» DIRECTIONS: Print each line below verbatim, skipping every picture.

╭─ INPUT FOR THIS TASK

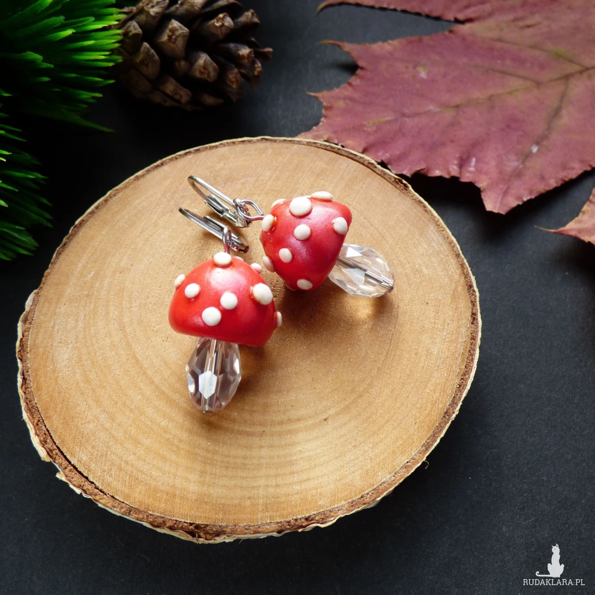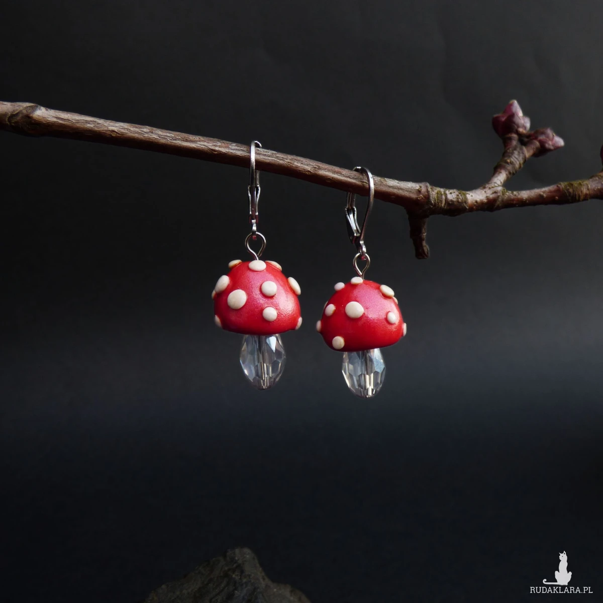 Urocze, autorskie kolczyki inspirowane muchomorem czerwonym, modelowane ręcznie z glinki polimerowej. Baśniowe grzybki z kryształową nóżką, niby kropla rosy. Czapeczki muchomorków mają soczystą czerwień z lekko metalicznym połyskiem i wypukłe białe kropeczki. Pod spodem zawiesiłam fasetowane, bezbarwne krople szkła kryształowego – dodają lekkości i pięknie łapią światło. Całość jest lekka i subtelnie mieni się przy każdym ruchu.
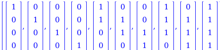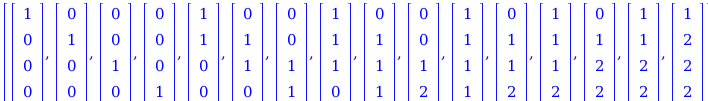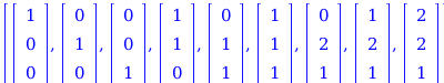 part1 := seq(seq(([0$i, 1$j, 0$(ell - i - j)], j = 1 .. ell - i)), i = 0 .. ell);
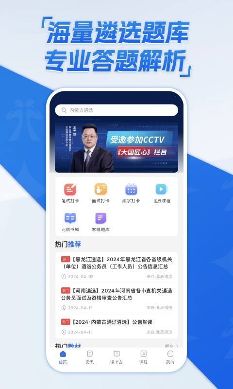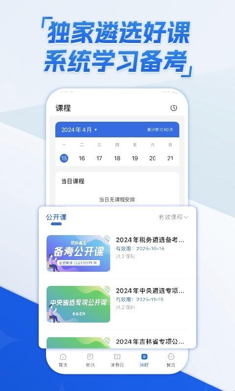 2、实时资讯与课程:提供实时更新的遴选考试资讯,搭配系统化备考课程,让考生既掌握最新考试动态,又能循序渐进学习考试知识,构建完整知识体系。
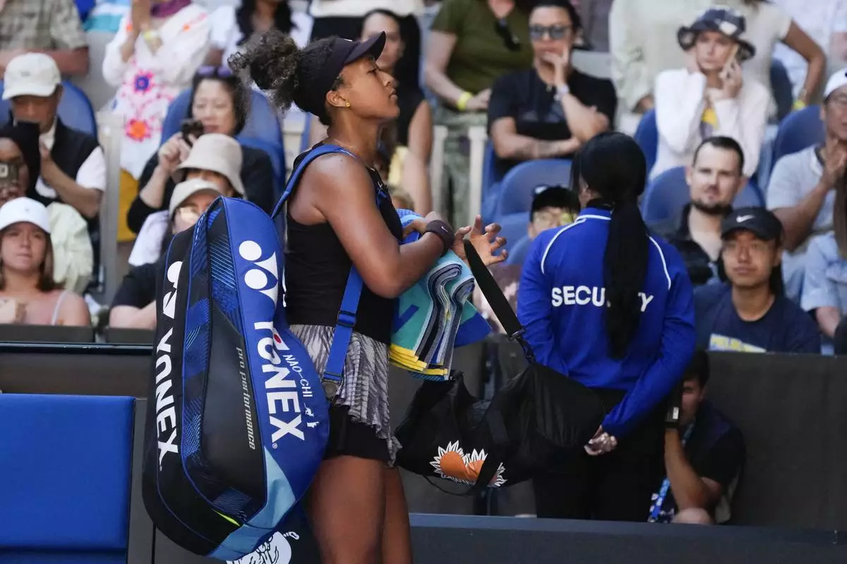 Naomi Osaka of Japan leaves the court after retiring from her third round match against Belinda Bencic of Switzerland at the Australian Open tennis championship in Melbourne, Australia, Friday, Jan. 17, 2025. (AP Photo/Manish Swarup)
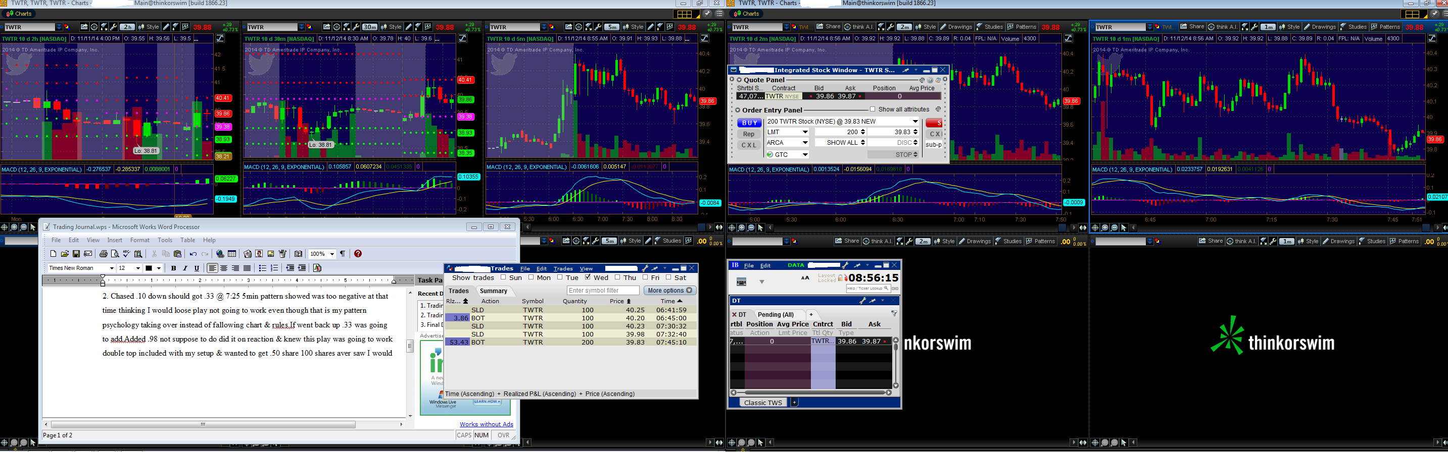 Chased .10 down should got .33 @ 7:25 5min pattern showed was too negative at that time thinking I would loose play not going to work even though that is my pattern psychology taking over instead of fallowing chart & rules.If went back up .33 was going to add.Added .98 not suppose to do did it on reaction & knew this play was going to work double top included with my setup & wanted to get .50 share 100 shares aver saw I would get that if take +.50 of where I should got in.
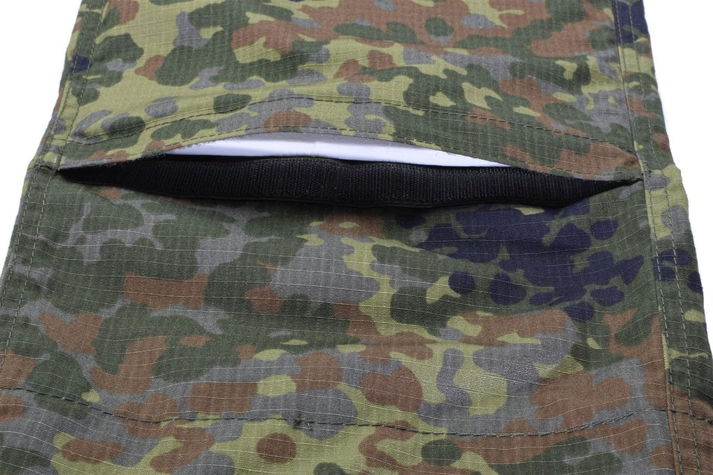 • Crafted from high-quality ripstop material, these flecktarn cargo pants resist tearing and stand up to heavy use. The reinforced seat and knees add extra durability, making them ideal for crawling, kneeling, or intense activity. The flecktarn camouflage pattern blends seamlessly with natural surroundings, providing effective concealment in wooded areas.
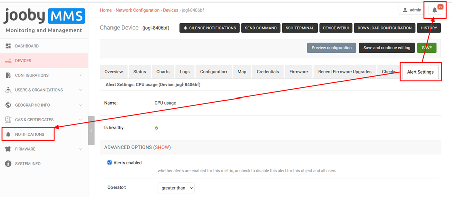 - the state of the metrics that the device gives (CPU, RAM status, Storage, Interface status, Neighbors)
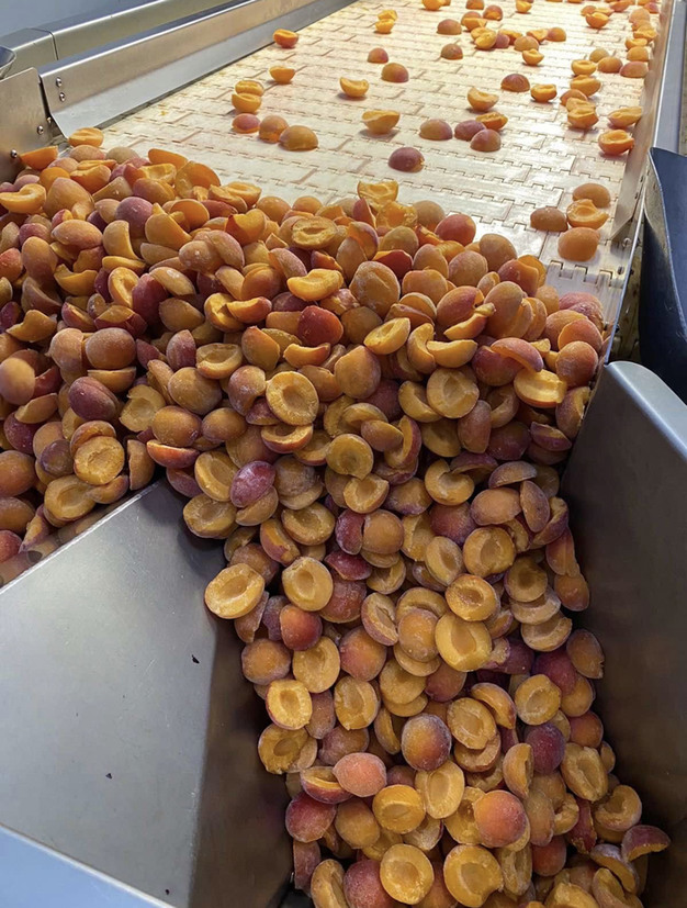 Las fresas siempre dan el pistoletazo de salida a la temporada. "Las recolectamos con uno o dos grados Brix más en comparación con las fresas para el mercado en fresco. Las fresas deben ser completamente rojas, sin que se vean partes verdes. Usamos la variedad Marmalade, que también suele presentar el precio más asequible. En verano, normalmente comercializamos unas 500 toneladas de fruta congelada, es decir, cargamos dos o tres camiones por semana. El verano es el período de mayor actividad, ya que realizamos cuatro actividades simultáneamente: el preenfriado, el congelado, el almacenamiento y la venta", continúa Julia.
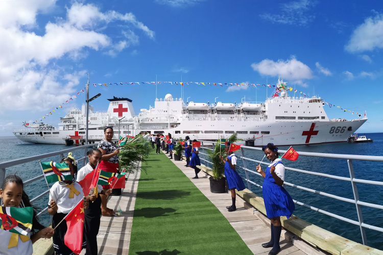2018年10月12日,在多米尼克首都羅索,當(dāng)?shù)貙W(xué)生揮動多中兩國國旗歡迎中國海軍和平方舟醫(yī)院船首次到訪。(新華社發(fā))
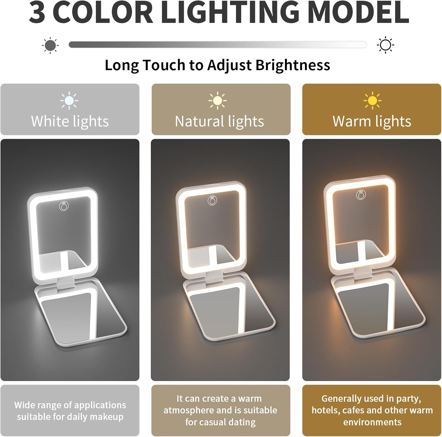 - 【Soft Light】Long press to adjust the brightness, daylight is excellent, providing a clear view and true color details for makeup
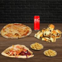 Für alle Pizza-Fans, die nicht genug bekommen können! Freut euch auf 2x Pizzabrötchen nach Wahl, 1x große Pizza nach Wahl, 2 kleine Pommes inkl. 3 Getränke eurer Wahl!
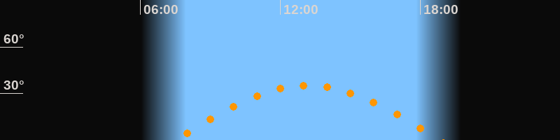 | Höchster Stand (Kulmination) | 13:09 Uhr (h = 35,2°) |

╰─

» SOLUTION FOR THIS PROBLEM:
 Urocze, autorskie kolczyki inspirowane muchomorem czerwonym, modelowane ręcznie z glinki polimerowej. Baśniowe grzybki z kryształową nóżką, niby kropla rosy. Czapeczki muchomorków mają soczystą czerwień z lekko metalicznym połyskiem i wypukłe białe kropeczki. Pod spodem zawiesiłam fasetowane, bezbarwne krople szkła kryształowego – dodają lekkości i pięknie łapią światło. Całość jest lekka i subtelnie mieni się przy każdym ruchu.
 part1 := seq(seq(([0$i, 1$j, 0$(ell - i - j)], j = 1 .. ell - i)), i = 0 .. ell);
 2、实时资讯与课程:提供实时更新的遴选考试资讯,搭配系统化备考课程,让考生既掌握最新考试动态,又能循序渐进学习考试知识,构建完整知识体系。
 Naomi Osaka of Japan leaves the court after retiring from her third round match against Belinda Bencic of Switzerland at the Australian Open tennis championship in Melbourne, Australia, Friday, Jan. 17, 2025. (AP Photo/Manish Swarup)
 Chased .10 down should got .33 @ 7:25 5min pattern showed was too negative at that time thinking I would loose play not going to work even though that is my pattern psychology taking over instead of fallowing chart & rules.If went back up .33 was going to add.Added .98 not suppose to do did it on reaction & knew this play was going to work double top included with my setup & wanted to get .50 share 100 shares aver saw I would get that if take +.50 of where I should got in.
 • Crafted from high-quality ripstop material, these flecktarn cargo pants resist tearing and stand up to heavy use. The reinforced seat and knees add extra durability, making them ideal for crawling, kneeling, or intense activity. The flecktarn camouflage pattern blends seamlessly with natural surroundings, providing effective concealment in wooded areas.
 - the state of the metrics that the device gives (CPU, RAM status, Storage, Interface status, Neighbors)
 Las fresas siempre dan el pistoletazo de salida a la temporada. "Las recolectamos con uno o dos grados Brix más en comparación con las fresas para el mercado en fresco. Las fresas deben ser completamente rojas, sin que se vean partes verdes. Usamos la variedad Marmalade, que también suele presentar el precio más asequible. En verano, normalmente comercializamos unas 500 toneladas de fruta congelada, es decir, cargamos dos o tres camiones por semana. El verano es el período de mayor actividad, ya que realizamos cuatro actividades simultáneamente: el preenfriado, el congelado, el almacenamiento y la venta", continúa Julia.
2018年10月12日,在多米尼克首都羅索,當(dāng)?shù)貙W(xué)生揮動多中兩國國旗歡迎中國海軍和平方舟醫(yī)院船首次到訪。(新華社發(fā))
 - 【Soft Light】Long press to adjust the brightness, daylight is excellent, providing a clear view and true color details for makeup
 Für alle Pizza-Fans, die nicht genug bekommen können! Freut euch auf 2x Pizzabrötchen nach Wahl, 1x große Pizza nach Wahl, 2 kleine Pommes inkl. 3 Getränke eurer Wahl!
 | Höchster Stand (Kulmination) | 13:09 Uhr (h = 35,2°) |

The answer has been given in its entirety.